Google AI Studio でのオンライン開発は非常に便利ですが、大きな課題があります。それは、公式の定価 API を使用していることです。
Gemini API 公式価格(2026年1月時点):
| モデル | 入力価格 (100万トークンあたり) | 出力価格 (100万トークンあたり) |
|---|---|---|
| Gemini 3 Pro Preview | $2.00 | $12.00 |
| Gemini 2.5 Pro | $1.25 | $10.00 |
| Gemini 2.5 Flash | $0.075 | $0.60 |
大量の API コールを必要とするアプリの場合、コストは急速に膨らみます。しかし、API 中継サイト(APIYI apiyi.com や wentuo.ai など)を利用することで、よりお得な価格で利用できます。
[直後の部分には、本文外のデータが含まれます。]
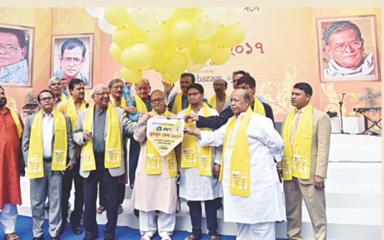
Guests set off balloons to mark the inauguration of the programme.

"Humayun Mela" is organised by Channel i, and sponsored by ACI Pure Salt.
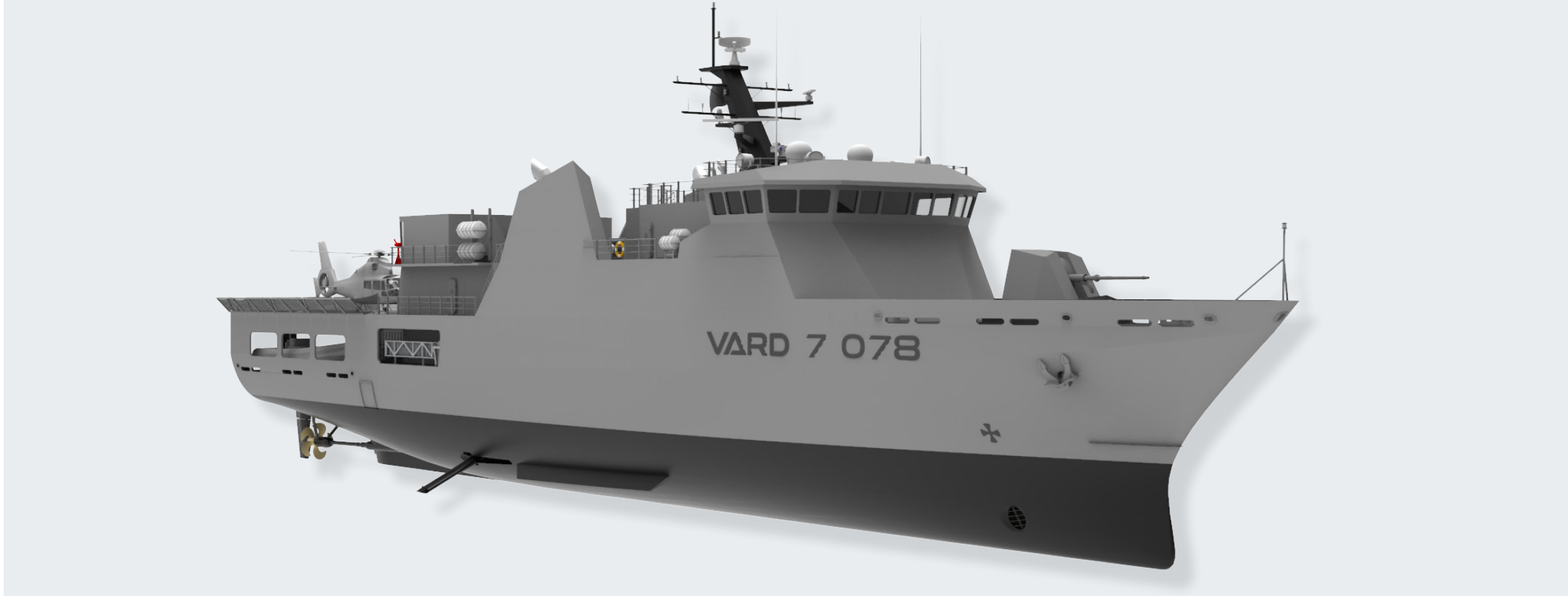
VARD 7 078 OPV Offshore Patrol Vessel
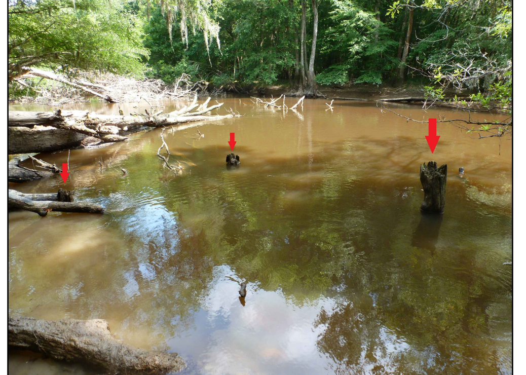
Bridge Supports on the Lynch River

NOTES: 1) Roads and statutory landmarks were positioned by various methods including use of South Carolina's RTN and a GPS rover, conventional surveying methodology, map compilation, historical aerial photography overlay, and GIS layers. Other jurisdictional boundaries shown are approximate and were not surveyed as part of this project. 2) Northing (N) and Easting (E) Coordinates, bearings, and distances, shown hereon, are referenced to the South Carolina State Plane Coordinate System 83/2011 Adjustment and have not been scaled to Ground. 3) For more information visit the South Carolina Geodetic Survey's website at http://rfa.sc.gov/geodetic/cb_projectlist/???????? . 4) The purpose of this plat is to map a section of the Darlington-Florence County Line. It is not intended nor should it be construed to be a boundary survey or boundary plat of the property parcels adjacent to or near the aforementioned county line. The Darlington-Florence County Line and boundary lines of the adjoining properties may be congruent if and only if so specified by the South Carolina Legislative Act(s) that establish and describe or define the county line as it is being plotted hereon. However, in no way is this survey or plat of this portion of the Darlington-Florence County Line giving warranty to the title property boundaries of the adjacent parcels being shown or referenced hereon.
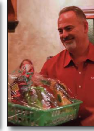
Cool Yule 2022, but a taste. Here's the whole stack.
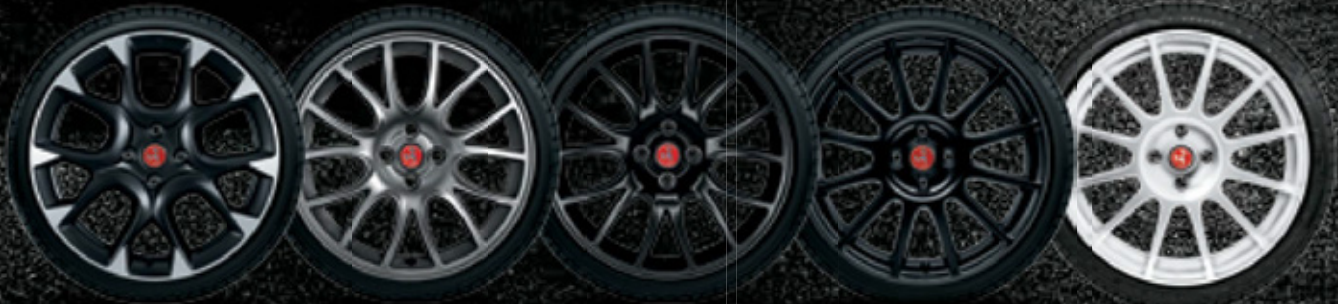
17" CORSA 17" FORMULA 17" FORMULA 17" SUPERSPORT 17" SUPERSPORT WHITE RACE
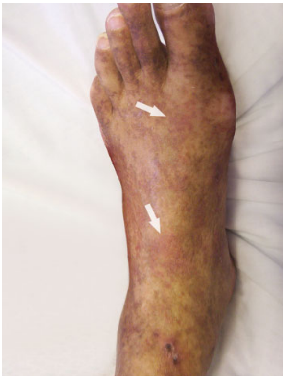
FIGURE 1. Left-foot purpura.

His clinical and laboratory findings were attributed to mixed cryoglobulinemia, and treatment, consisting of daily intravenous methylprednisolone, a single dose of intravenous cyclophosphamide, and plasmapheresis, was initiated. Despite these interventions, 5 days later, he developed severe burning pain in the right extremity with worsening discoloration and a line of demarcation at the level of his proximal midfoot. Eventually, right below the knee, amputation was performed, and histopathological examination
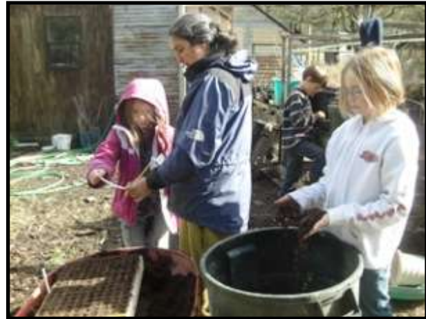
We started cabbage seeds in trays
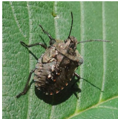
Pentatoma rufipes (nymph) Forest Bug
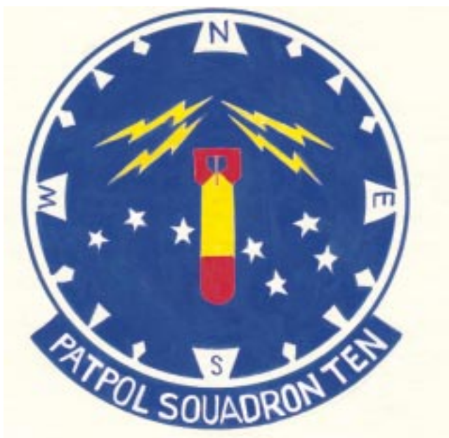
The squadron's insignia was developed from a design used by a former VP-10.

In an effort to establish a link with the history of the previous VP-10 (disestablished as VPB-23 on 25 January 1946), the squadron adopted the insignia devised by the earlier organization upon its formation in 1930. The date on which the official insignia of the squadron was accepted by CNO is unknown. A compass rose with the Big Dipper and Polaris as
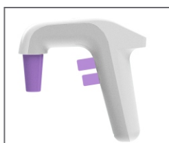
Model No: EA-V Grey and White Body Violet Collet and Plunger
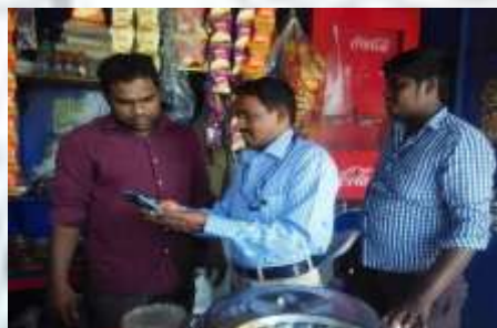
Digital payment campaign

The NSS Unit along with IQAC cell conducted several programmes during the academic year.
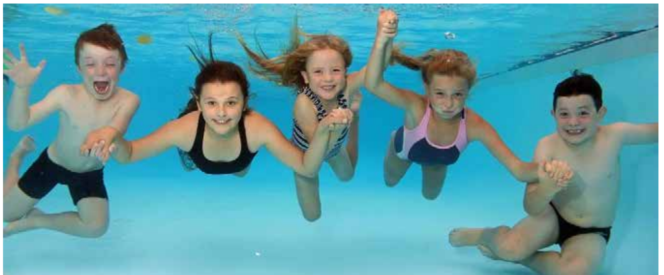
We are seeking feedback from the community on the future of our pools.

"Our six public swimming pools were built over the last 60 years and with two facilities due for renewal in the next ten years, as well as managing smaller cost asset renewals across the remaining four sites, Council has significant
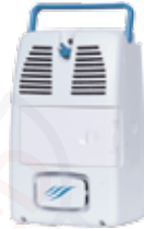
AirSep FreeStyle 5™ Weight: 6.2 lbs Dims: 10.7" x 6.6" x 4.4"
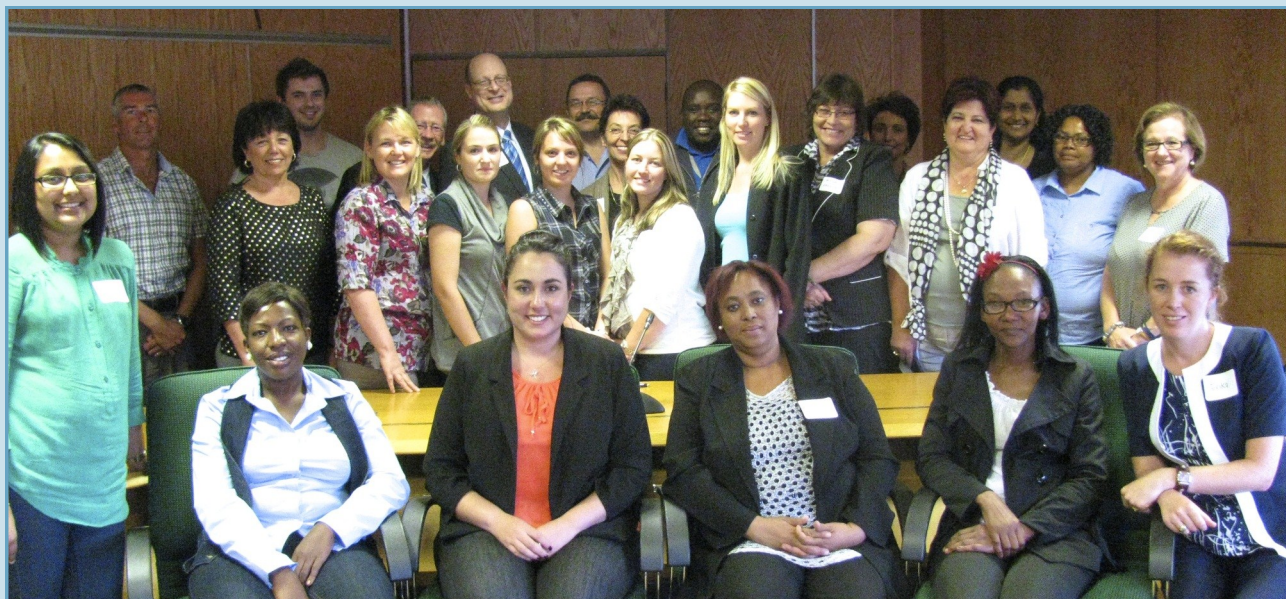
Participants ( Pharmacists and Post Basic Pharmacist Assistants) with the Practice Analysis Leaders.

As the first institution to be accredited for presentation of the Pharmacy Technical Assistant (Higher Certificate) and Pharmacy Technician (Advanced Certificate) qualifications NMMU is actively involved in ensuring that the programmes we present answer the needs of the workplace. On 31 March 2014 a practice analysis was, therefore, undertaken for the Pharmacy Technician. The practice analysis was undertaken by the Pharmacy Department at NMMU in association with the St Louis College of Pharmacy, USA.
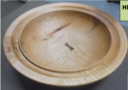
HM – Charlie LaPrease
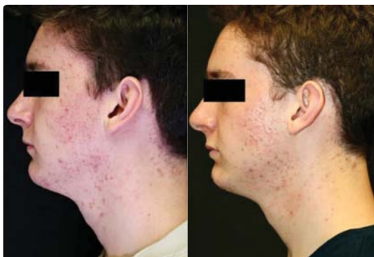
Patient 2: Before Treatment 30 Days after Treatment, Acne and Erythema Improved.
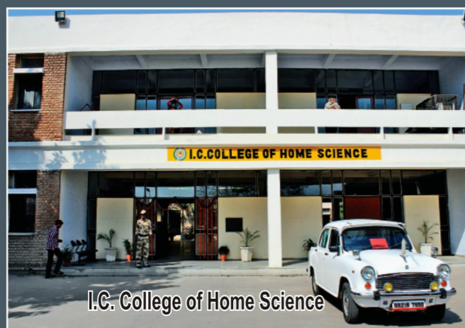
I.C. College of Home Science
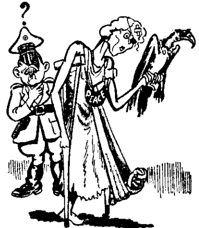
"What did we do with Fraulein Peace?"

"Well, what do you know about that! Peace has gone and bumped herself off," says Himmler. "She might have let us do it."
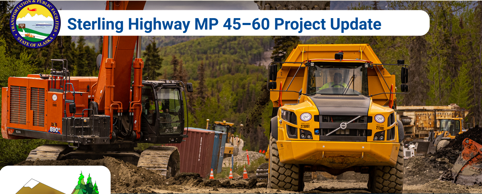
Langille Road construction activities.

The purpose of this monthly report is to provide a snapshot update of the project. For more detailed project information, please visit www.sterlinghighway.net .
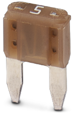
Fuse, nominal current: 5 A, length: 11.9 mm, width: 3.8 mm, height: 16.2 mm

Please be informed that the data shown in this PDF Document is generated from our Online Catalog. Please find the complete data in the user's documentation. Our General Terms of Use for Downloads are valid ( http://phoenixcontact.com/download )
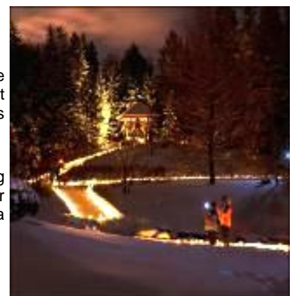
'Photographers at Luminaria' by Fred Rushworth
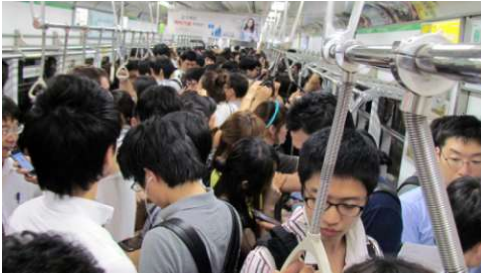
A crowded subway train in Seoul, South Korea
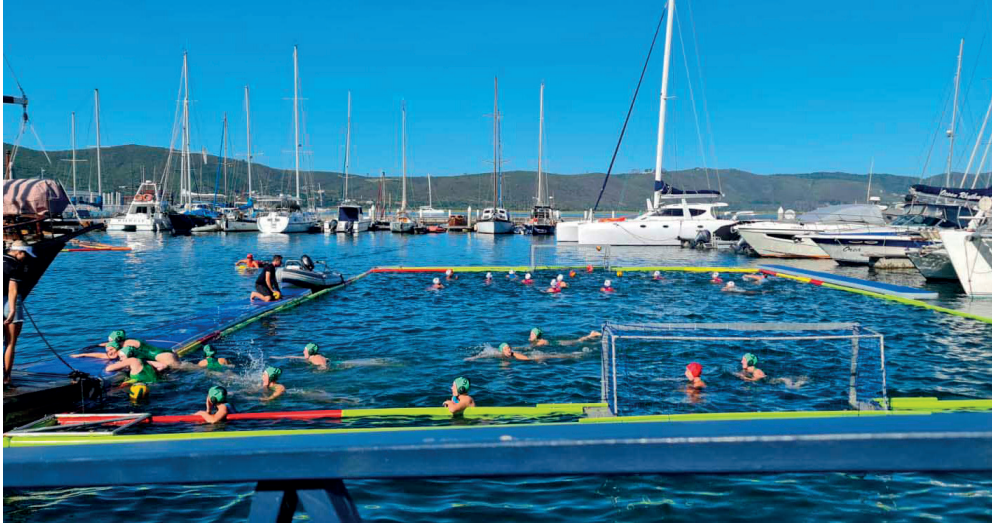
We sent teams to compete in the Oakhill Waterpolo Festival which took place in the Knysna harbour in February

2023 has felt like a full return to “normal” levels of sporting activity. Many of our teams have been able to take part in tours, tournaments and sporting festivals. This has made a huge difference to the morale of teams and we are seeing signs of recovery in our results. Among other encouraging results, the boys’ first waterpolo team triumphed in a fiercely contested final to win the B league, and our boys’ first hockey team is currently unbeaten in their league this season, scoring 20 goals and conceding only 1.
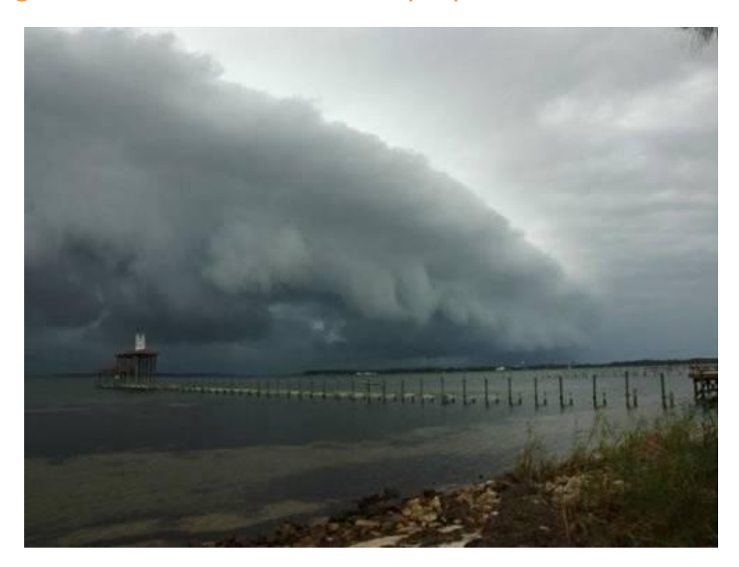
"The trades unions say I can't use my sons. They insist I have to hire only Union workers with Ark-building experience."

"Immigration and Naturalization are checking the green-card status of most of the people who want to work."
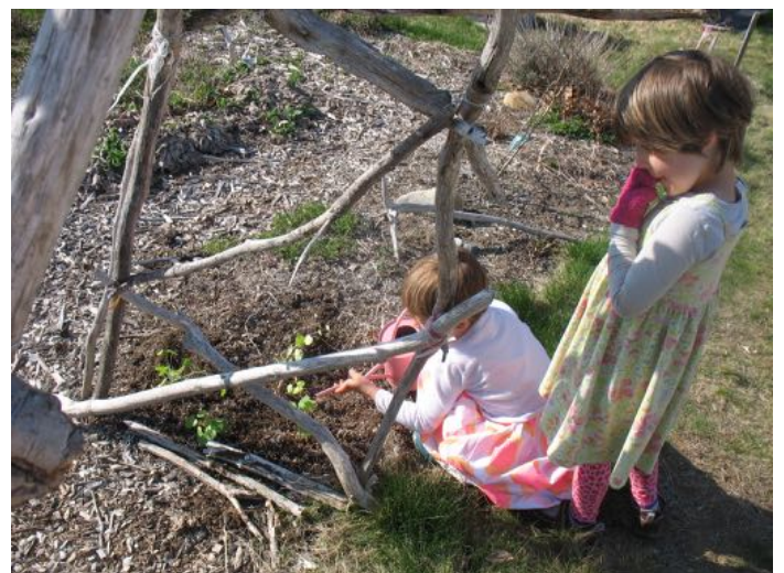
They successfully grew nasturtiums from seed for their mother's day gift. They planted the extra ones next to the entry trellis of the "squiracle" garden (which is actually neither a square or circle)

Thank you for sharing your children Miss Nancy
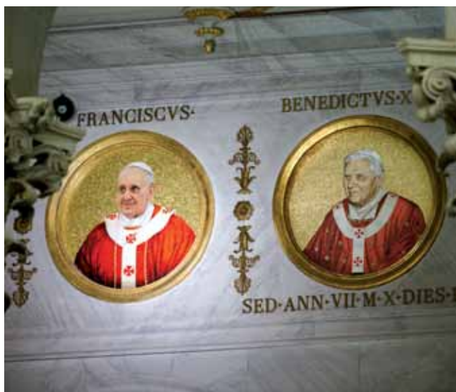
Papal Basilica St Paul outside the Walls Mosaic of Pope Francis and of Pope Benedict XVI
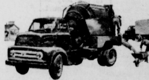
C-800 Series BIG JOB G.V.W. 23,000 lbs., G.C.W. 48,000 lbs.
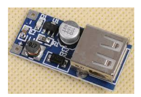
Figure 2 dc to dc Convertor Amplifier

An Integrated Back Cover: - Mobile Back Cover is used to support solar panel and also give protection to the sides and edges of mobile phone. They are basically used to provide safety to the mobile phones.
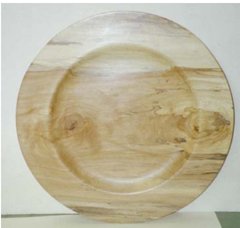
(Left) Spalted sycamore plate by Don Naylor (15" diameter)
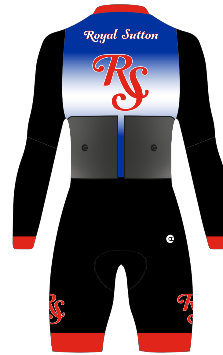
TRACK POCKET DESIGN
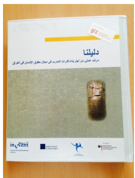
Iraq program HR 2005-2010
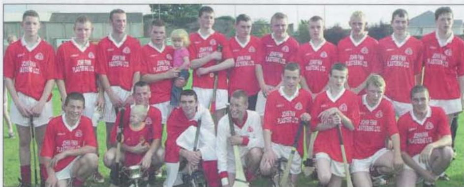
Carrick Davins Minor Hurling team

Carrick Davins team that won the South Minor Hurling Championship 'B' Final sponsored by M K Sports.
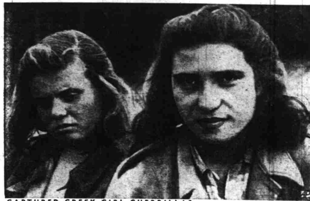
CAPTURED GREEK GIRL GUERRILLAS —These two young girls, one downcast and the other smiling wanly, were among the guerrilla captives brought back from the Grammos Mountains by Greek government forces after the recent drive to clear the area of communists.
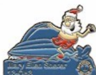
Santa on His Water Jet Ski (March 2019-WW)
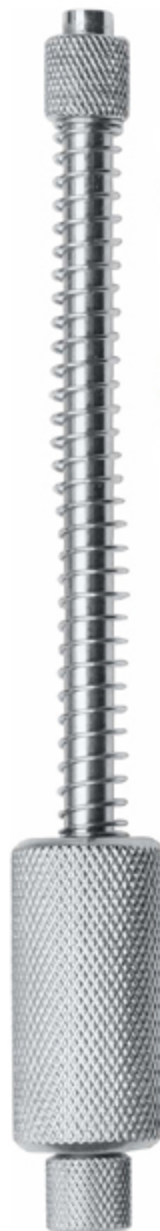
EM-4925-10 MORELL with tips 4924-1, 4924-2 and 4924-3
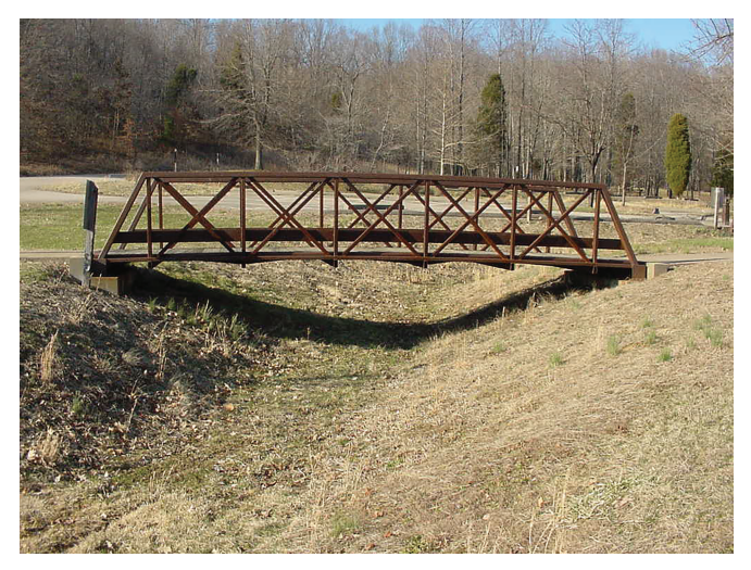
Figure 13—Prefabricated steel bridges are included in the standard trail bridge plans and specifications.
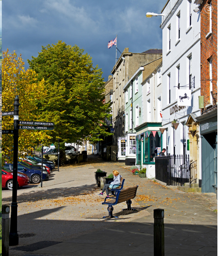
① → Street Scene at Oriel Gardens ② → Aerial View of Faringdon, Oxfordshire ③ → Town Square in Faringdon
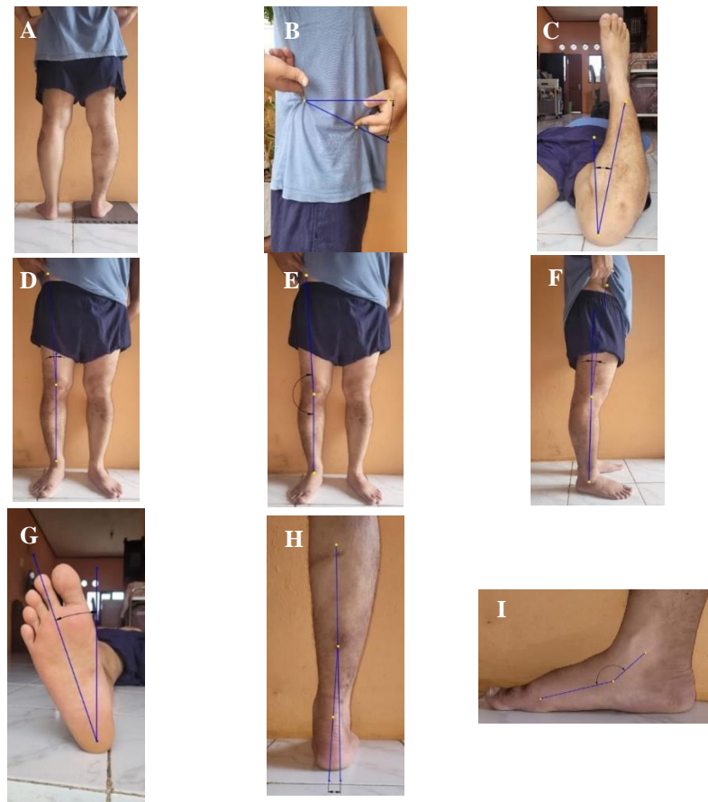
Figure 1 Lower limb alignment measurement methods for: (A) limb length inequality; (B) pelvic angle; (C) femoral antetorsion angle; (D) quadriceps (Q) angle; (E) tibiofemoral angle; (F) genu recurvatum angle; (G) tibial torsion angle; (H) rearfoot angle and (I) medial longitudinal angle

Gross's methodology (Jonson, & Gross, 1997). The rearfoot angle was defined as the angle formed by the line dividing the calcaneus and the line dividing the lower one-third of the leg (Figure 1H). The measurement of the medial longitudinal arch angle involved determining the angle formed by a line from the medial malleolus to the navicular tuberosity, and another line connecting the navicular tuberosity to the medial side of the first metatarsal head (Figure 1I). Abnormal foot alignment was detected when the rearfoot angle exceeded 9^\circ and the medial longitudinal arch angle fell below 134^\circ (Jonson, & Gross, 1997).
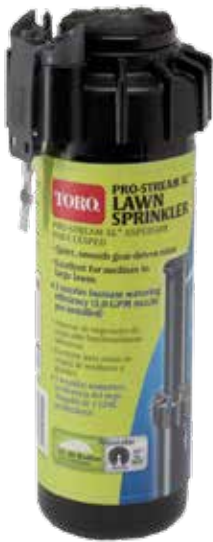
ProStream XL™ Lawn Sprinkler 53823
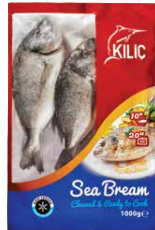
Whole Frozen Gutted Sea Bream Whole Frozen Gutted Sea Bass Sizes: 1000 gr.

問題は: AI Studio のオンラインエディタでは API のリクエスト先を直接変更できないことです。解決策は、コードをローカル IDE(Cursor や VS Code など)にエクスポートし、設定を変更してからデプロイすることです。

AI Studio アプリのデプロイ ステップ1:Build モードでアプリを作成する
Build モードに入る
- aistudio.google.com にアクセスします
- 左側のナビゲーションにある「Build」をクリックします
- 「Create new app」を選択します
- 作成したいアプリを自然言語で記述します
プロンプト例:
AI翻訳アプリを作成してください。
ユーザーがテキストを入力すると、Gemini APIを呼び出して指定された言語に翻訳します。
中国語、英語、日本語、韓国語の4言語間の相互翻訳をサポートし、
インターフェースはシンプルでモダン、ダークテーマを使用してください。
Build モードの特徴
| 機能 | 説明 |
|---|---|
| リアルタイムプレビュー | コードを変更すると、すぐに結果を確認できます |
| フレームワークの選択 | デフォルトは React ですが、設定で Angular に切り替え可能です |
| 対話型開発 | 対話を通じてアプリの最適化や修正を継続的に行えます |
| API 自動統合 | お使いの AI Studio API キーを自動で使用します |
Build モードは、以下を含む完全なプロジェクト構造を自動生成します:
geminiService.ts: API 呼び出しロジック- コンポーネントファイル: UI インターフェースのコード
- 設定ファイル: プロジェクトの依存関係と設定
ヒント: Build モードで生成されたコードは GenAI TypeScript SDK を使用して Gemini API を呼び出します。エクスポート後は、他の API エンドポイントへ簡単に変更できます。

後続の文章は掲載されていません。